_Exercise goal_
Leaving every picture out, repeat all of the entries below exactly.

_Raw data_
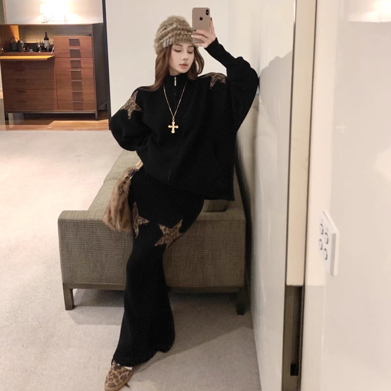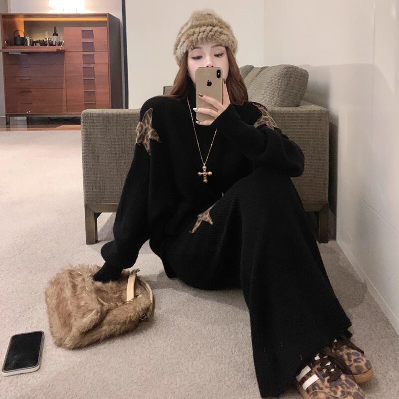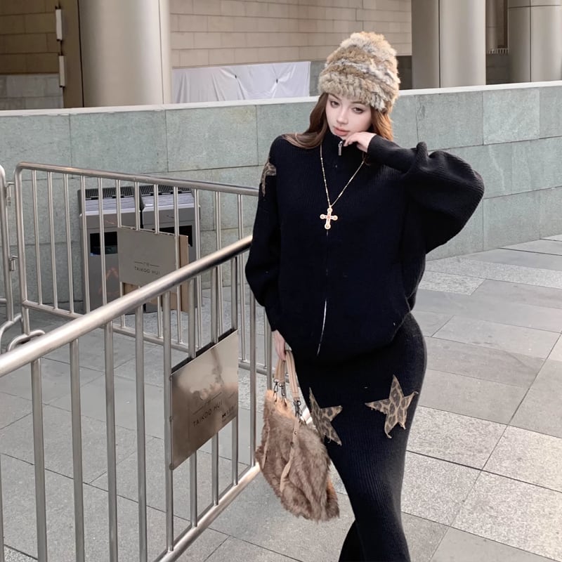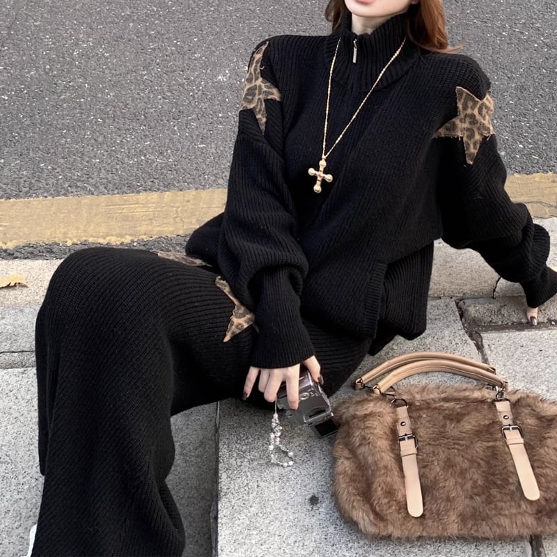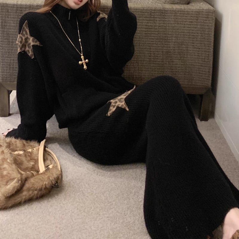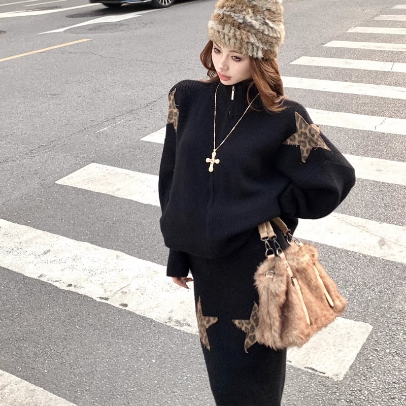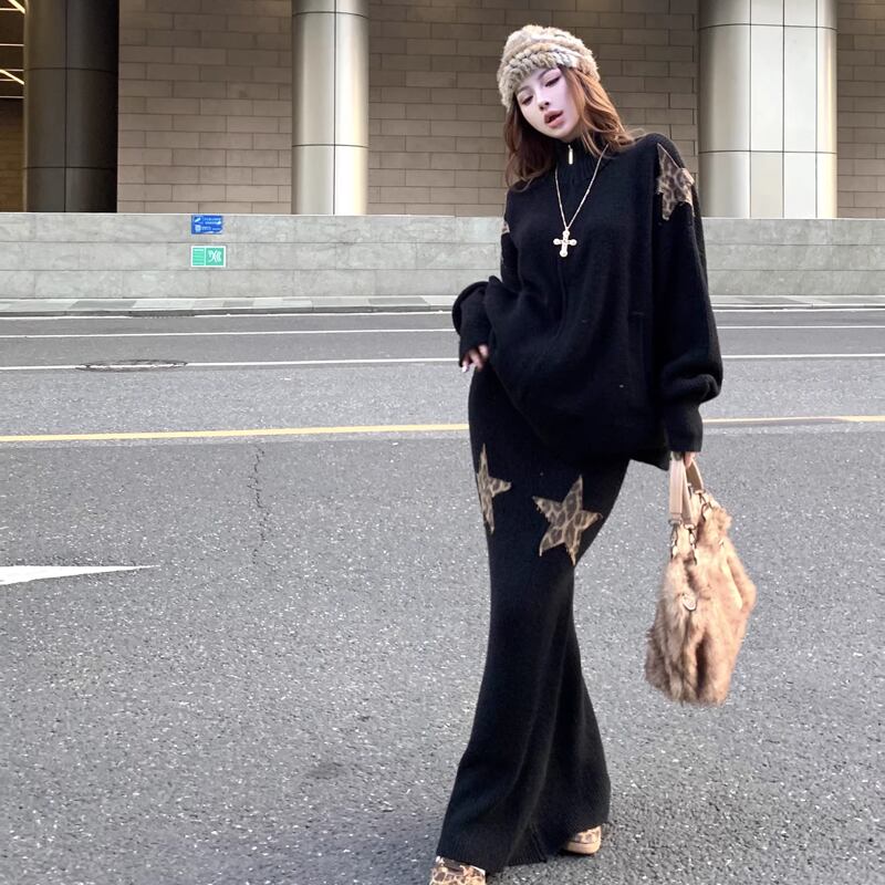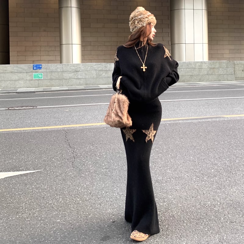 【set】ヒョウ柄スター付きニットトップス×タイトロングスカートセット Q8015
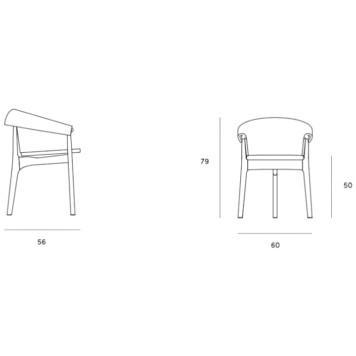 The dimensions of the chair are 60 cm wide, 79 cm high, 56 cm deep and the seat height is 50 cm. The fashionable design of the solid is evidenced by the use of only three legs instead of four, which creates a unique structure that does not lose its stability and durability.
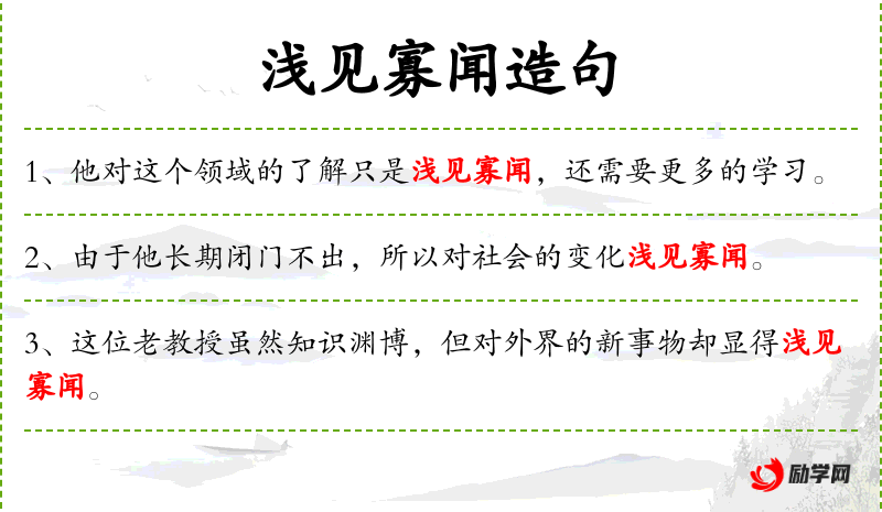 1. 【浅见寡闻】 - 浅见:肤浅的见解;寡闻:听到的很少。形容见闻不广,所知不多。
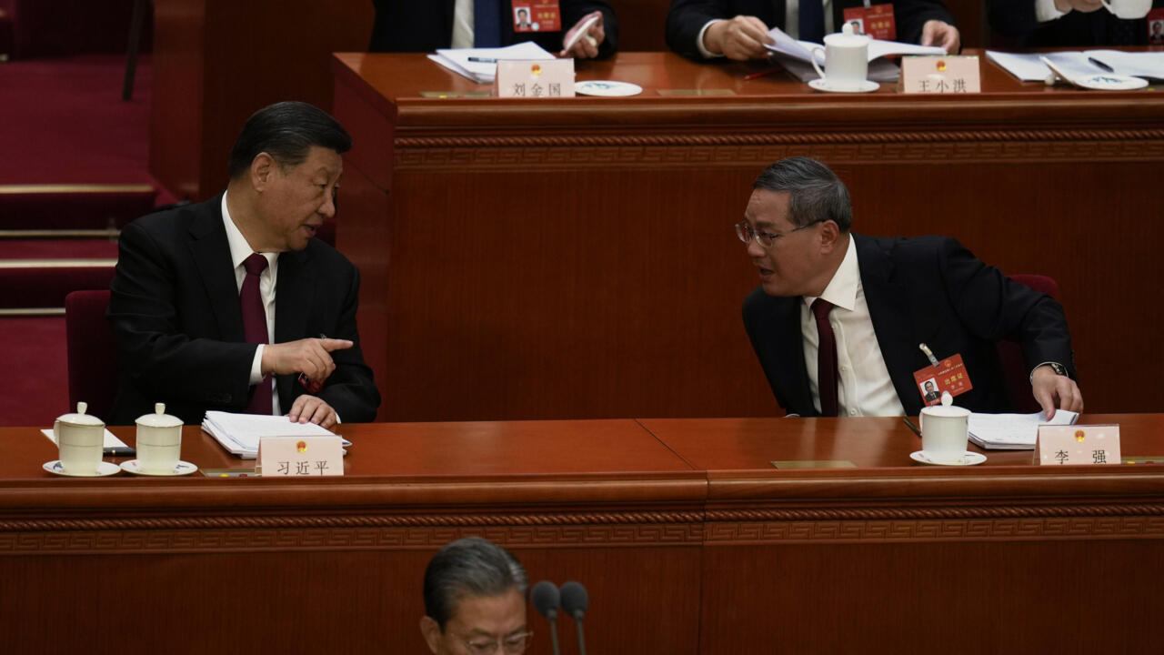 2024年3月5日星期二,北京人民大会堂,中共党魁习*近*平在全国人民代表大会(NPC)开幕式上向中国国务院总理李强做手势。 AP- Ng Han Guan
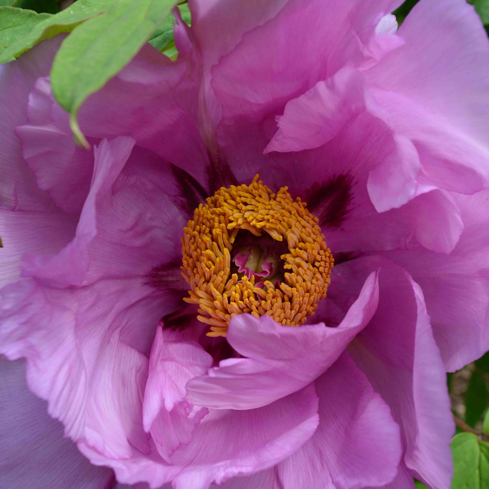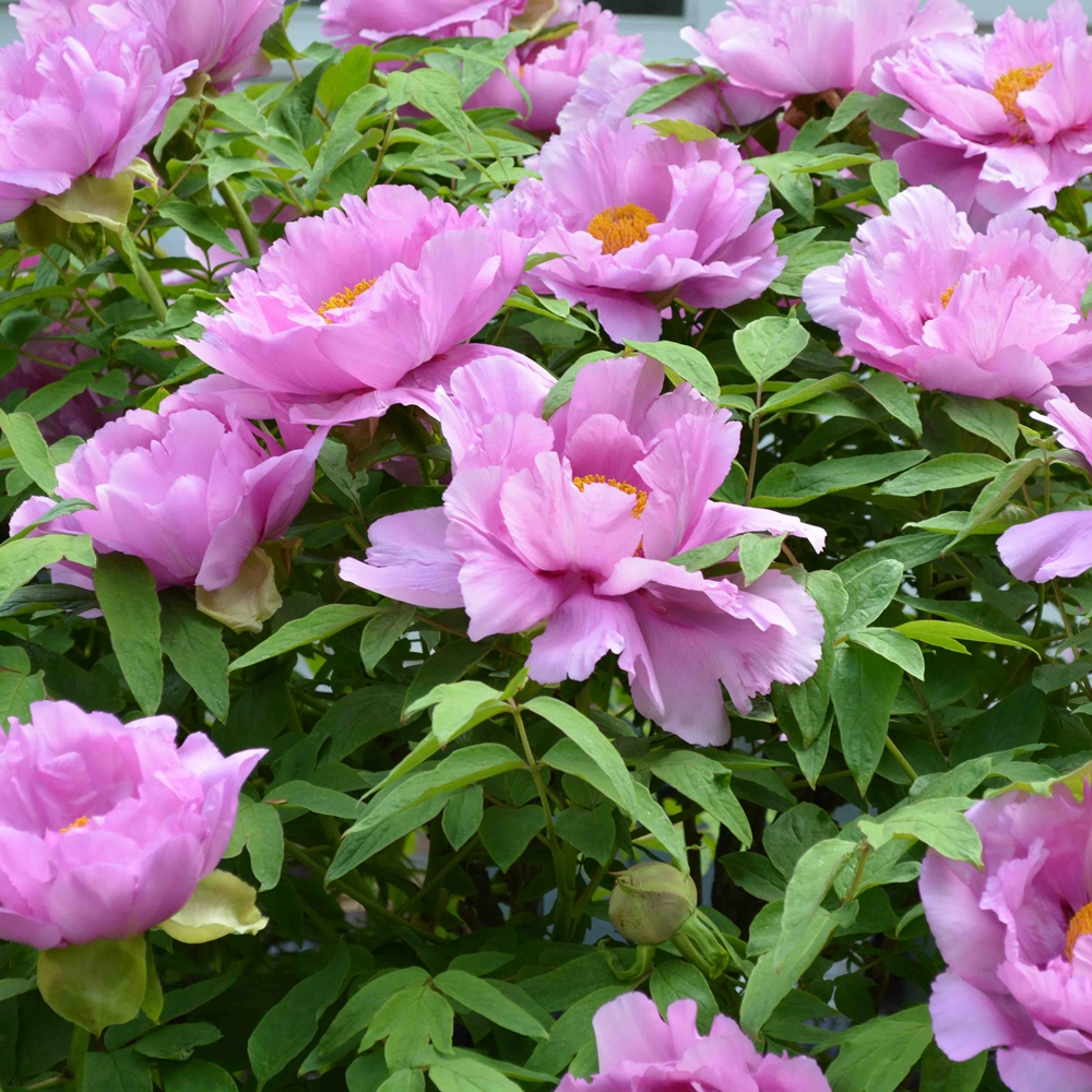 Seneca Hill Pink. Girton. 2023. Rockii/Suffruticosa Group Hybrid. Fertile both ways. Parentage unknown. Early-blooming, semi-double flowers are an unusual lavender-pink, 17.7 cm (7″) in diameter, upward-facing, and average one per stem. Reddish-purple flares with blurred edges extend approximately 25% of the total petal length. Guard petals are rounded and notched, typically 7.6 cm (3″) in diameter. Faint fragrance. The sheath is partial and pink. Produces pollen in abundance and is also seed-fertile. Plants reach 145 cm (57″) at maturity and carry narrow, pointed, green foliage with purple margins. Growth habit is upright; mechanical support is unnecessary, and the mature plant develops an attractive, vase-like shape. Extremely vigorous and hardy, the plant has rarely experienced stem loss during winter dormancy. The height, floriferous habit, and overall shape make it stand out in the garden landscape. Likely not derived from wild-collected Paeonia rockii seed, as registration indicates, given the obvious Suffruticosa Group traits. An outstanding plant in any case. This plant requires very good drainage and resents excessive moisture. Ships in late September to mid-October. AGE: Field-grown, 3+ year old graft or division from larger plants – our choice of available plant material upon harvest.
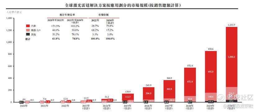 激光雷达作为一种重要的感知传感器,其市场规模和增长潜力巨大。根据招股书,激光雷达解决方案的全球市场规模预计将从2020年的46亿元人民币增长到2022年的120亿元,年复合增长率达到了61.8%。其中,汽车行业贡献了最快的增速。预计到2030年将会达到1.25万亿元人民币,2022年到2030年的年复合增长率达到78.8%,汽车行业的占比将会达到79.8%,成为激光雷达主要的需求方。
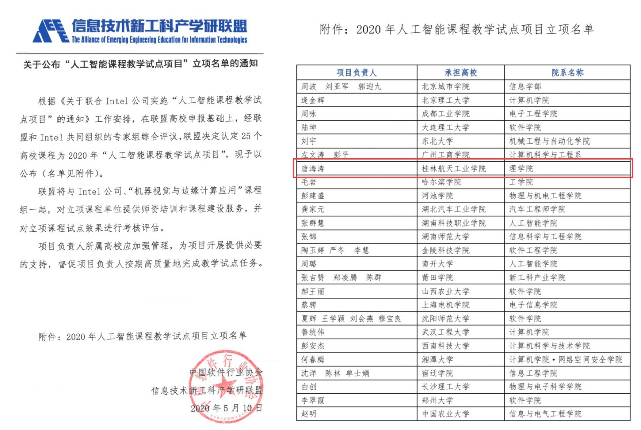 “人工智能课程教学试点项目”由信息技术新工科产学研联盟与Intel公司联合实施,旨在助力全国高校人工智能专业的课程建设与应用。beat365官方网站积极响应联盟号召并组织申报,最终经信息技术新工科产学研联盟与Intel公司专家组综合评议,共认定桂林航天工业学院、北京理工大学、南开大学等25所高校成功获得2020年人工智能课程教学试点项目立项。被列入“信息技术新工科产学研联盟人工智能课程教学试点项目”在获得教学研究经费同时,也支持我校参加此次课程教学试点的学生在通过课程测试后,可获得由联盟和Intel公司联合签发的课程结业证书。
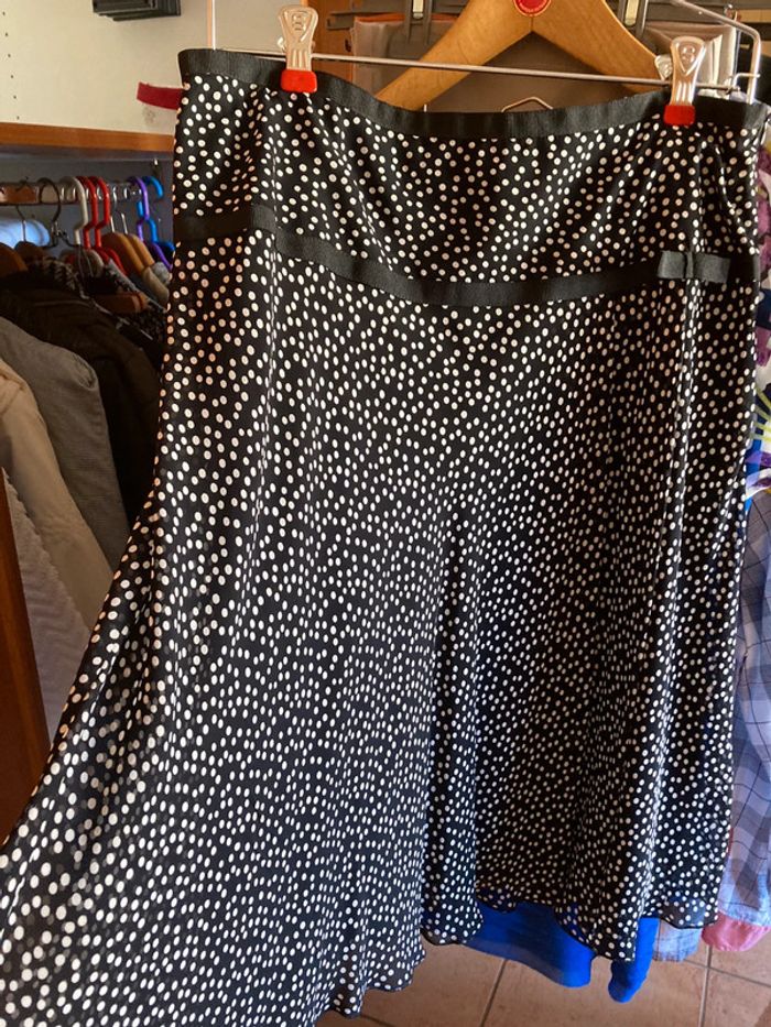 jupe matière fluide légèrement évasée petits pois joli détail noeud
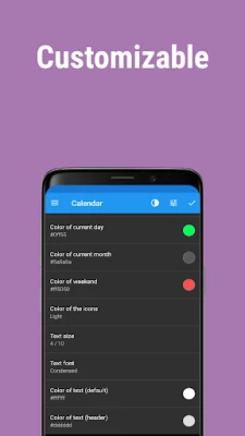 Two minimalistic, fully customizable, and resizable widgets - agenda (list) and month (grid) - offer you a quick glance at your daily schedule directly on your home screen. The widgets can display events from Facebook, Google, or Outlook calendars.
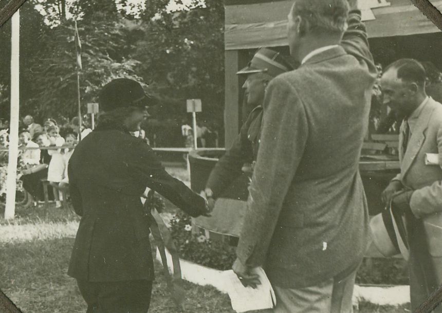 | Nr. inwentarzowy: MŁJ-XVI 1629 / 00 / 026 opis: Na trawiastym, ogrodzonym placu Jadwiga Grotthus odbiera 2. nagrodę ( 50,00 zł) i gratulacje (uścisk ręki) od płk. Romualda Niementowskiego. Obok stoi 2 cywili. Z tyłu wiata - trybuna(?), dalej publiczność, drzewa.data: ciepła pora rokuczas powstania - daty graniczne: 1938-03-01 - 1939-08-31miejsce: Hrubieszówosoby: płk Romuald Niementowski (wiceprezes zarządu HKJ, dowódca 2 p.s.k. w Hrubieszowie), Jadwiga Grotthus (1920-2011), córka Gustawa i Anny zd. Chłapowskiejinne nazwy własne: Hrubieszowski Klub Jeździecki, 2 Pułk Strzelców Konnychtworzywo: papier fotograficzny, błyszczącytechnika: odbitka żelatynowo-srebrowa DOP, czarno-białazespół: album rodziny Grotthuswymiary (wys. x szer.): 61 x 84 [mm]
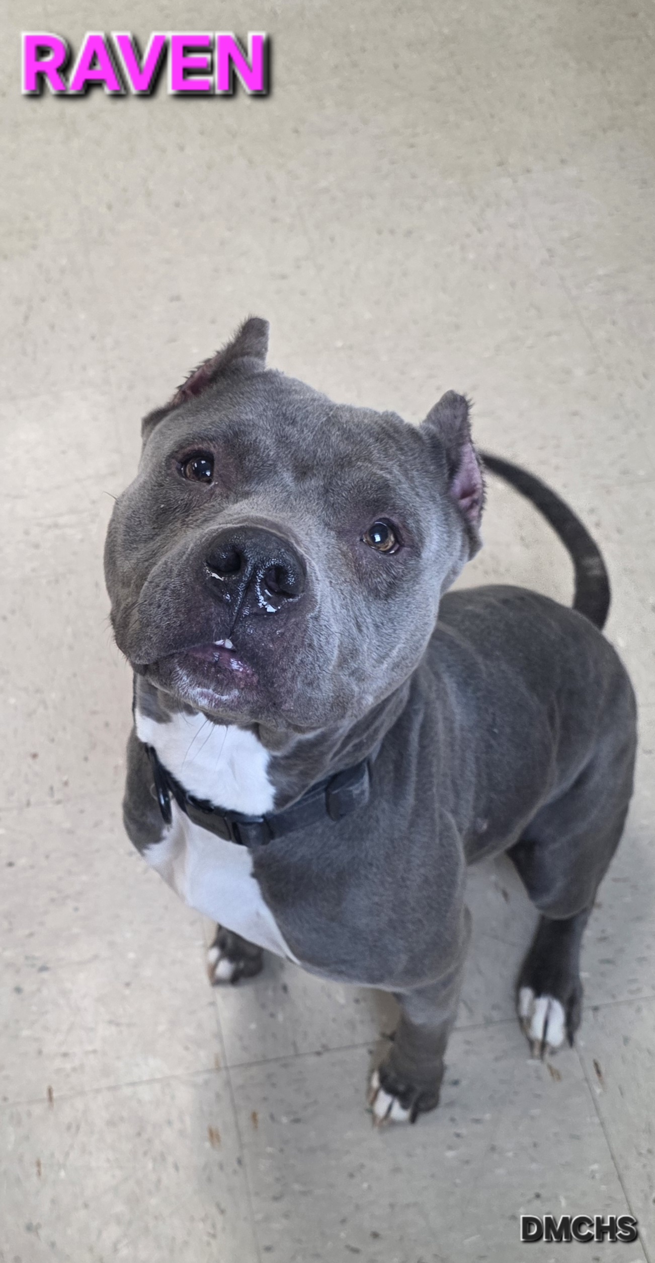 Raven is a 7 year old female Pit Bull Terrier. Raven is sweet, pretty and is ready to steal your heart. She has been more of a mom than anything in her life, so she is ready to be free of babies and live her dream life on a couch somewhere with no care sin the world!

_Response box_
 【set】ヒョウ柄スター付きニットトップス×タイトロングスカートセット Q8015
 The dimensions of the chair are 60 cm wide, 79 cm high, 56 cm deep and the seat height is 50 cm. The fashionable design of the solid is evidenced by the use of only three legs instead of four, which creates a unique structure that does not lose its stability and durability.
 1. 【浅见寡闻】 - 浅见:肤浅的见解;寡闻:听到的很少。形容见闻不广,所知不多。
 2024年3月5日星期二,北京人民大会堂,中共党魁习*近*平在全国人民代表大会(NPC)开幕式上向中国国务院总理李强做手势。 AP- Ng Han Guan
 Seneca Hill Pink. Girton. 2023. Rockii/Suffruticosa Group Hybrid. Fertile both ways. Parentage unknown. Early-blooming, semi-double flowers are an unusual lavender-pink, 17.7 cm (7″) in diameter, upward-facing, and average one per stem. Reddish-purple flares with blurred edges extend approximately 25% of the total petal length. Guard petals are rounded and notched, typically 7.6 cm (3″) in diameter. Faint fragrance. The sheath is partial and pink. Produces pollen in abundance and is also seed-fertile. Plants reach 145 cm (57″) at maturity and carry narrow, pointed, green foliage with purple margins. Growth habit is upright; mechanical support is unnecessary, and the mature plant develops an attractive, vase-like shape. Extremely vigorous and hardy, the plant has rarely experienced stem loss during winter dormancy. The height, floriferous habit, and overall shape make it stand out in the garden landscape. Likely not derived from wild-collected Paeonia rockii seed, as registration indicates, given the obvious Suffruticosa Group traits. An outstanding plant in any case. This plant requires very good drainage and resents excessive moisture. Ships in late September to mid-October. AGE: Field-grown, 3+ year old graft or division from larger plants – our choice of available plant material upon harvest.
 激光雷达作为一种重要的感知传感器,其市场规模和增长潜力巨大。根据招股书,激光雷达解决方案的全球市场规模预计将从2020年的46亿元人民币增长到2022年的120亿元,年复合增长率达到了61.8%。其中,汽车行业贡献了最快的增速。预计到2030年将会达到1.25万亿元人民币,2022年到2030年的年复合增长率达到78.8%,汽车行业的占比将会达到79.8%,成为激光雷达主要的需求方。
 “人工智能课程教学试点项目”由信息技术新工科产学研联盟与Intel公司联合实施,旨在助力全国高校人工智能专业的课程建设与应用。beat365官方网站积极响应联盟号召并组织申报,最终经信息技术新工科产学研联盟与Intel公司专家组综合评议,共认定桂林航天工业学院、北京理工大学、南开大学等25所高校成功获得2020年人工智能课程教学试点项目立项。被列入“信息技术新工科产学研联盟人工智能课程教学试点项目”在获得教学研究经费同时,也支持我校参加此次课程教学试点的学生在通过课程测试后,可获得由联盟和Intel公司联合签发的课程结业证书。
 jupe matière fluide légèrement évasée petits pois joli détail noeud
 Two minimalistic, fully customizable, and resizable widgets - agenda (list) and month (grid) - offer you a quick glance at your daily schedule directly on your home screen. The widgets can display events from Facebook, Google, or Outlook calendars.
 | Nr. inwentarzowy: MŁJ-XVI 1629 / 00 / 026 opis: Na trawiastym, ogrodzonym placu Jadwiga Grotthus odbiera 2. nagrodę ( 50,00 zł) i gratulacje (uścisk ręki) od płk. Romualda Niementowskiego. Obok stoi 2 cywili. Z tyłu wiata - trybuna(?), dalej publiczność, drzewa.data: ciepła pora rokuczas powstania - daty graniczne: 1938-03-01 - 1939-08-31miejsce: Hrubieszówosoby: płk Romuald Niementowski (wiceprezes zarządu HKJ, dowódca 2 p.s.k. w Hrubieszowie), Jadwiga Grotthus (1920-2011), córka Gustawa i Anny zd. Chłapowskiejinne nazwy własne: Hrubieszowski Klub Jeździecki, 2 Pułk Strzelców Konnychtworzywo: papier fotograficzny, błyszczącytechnika: odbitka żelatynowo-srebrowa DOP, czarno-białazespół: album rodziny Grotthuswymiary (wys. x szer.): 61 x 84 [mm]
 Raven is a 7 year old female Pit Bull Terrier. Raven is sweet, pretty and is ready to steal your heart. She has been more of a mom than anything in her life, so she is ready to be free of babies and live her dream life on a couch somewhere with no care sin the world!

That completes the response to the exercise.